Anaya menunduk meminta maaf. "Maaf, Dad, eh, Tuan White. Tapi, untuk saat ini, biarkan saya berjalan sendiri dan izinkan saya untuk berkembang dengan cara saya. Saya mohon kebijakan Anda."
Setelah mengucapkan itu, Anaya menghela napas berat, berusaha tetap tenang. Wajah ayahnya mengeras dan jika itu sudah terjadi, maka tidak ada satu orang pun di dunia ini yang dapat mengubah keputusannya.
“Baik, Tuan, saya akan berbesar hati menerima bantuan dari Tuan White saat ini." ucap Anaya akhirnya dengan suara pelan.
Robert tersenyum tipis. “Dia baru saja sampai. Suruh dia masuk,” katanya kepada sekretaris di depan pintu.
Pintu ruang rapat perlahan terbuka.
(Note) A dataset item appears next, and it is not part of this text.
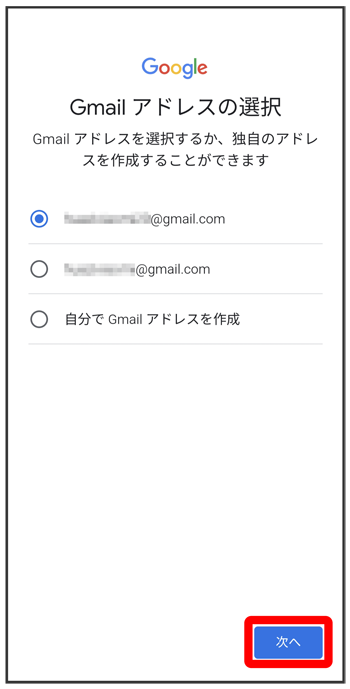 Gmail アドレスを選択

Langkah sepatu hitam terdengar menapak lantai marmer, ritmenya mantap, percaya diri.
Anaya mendongak dan seluruh darahnya seperti berhenti mengalir.
Pria itu melangkah masuk dengan jas abu-abu tua yang membingkai tubuh tegapnya sempurna. Senyum tipisnya muncul, senyum yang terlalu dia kenal.
“Perkenalkan,” kata Robert dengan nada puas. “Ini Josh Grebel. Mulai hari ini, dia akan menjadi asisten pribadimu, Anaya.”
Josh menatap lurus ke arah Anaya, matanya dalam dan penuh arti.
“Senang bertemu dengan Anda lagi, Nona White,” ucapnya lembut, seolah kata “lagi” itu hanya untuk mereka berdua.
Anaya terpaku di kursinya, jantungnya berdebar kencang tak terkendali.
Sementara di seberang meja, Josh menyunggingkan senyum yang samar namun menggoda.
"Apa-apaan ini?" sergah Anaya dengan lantang.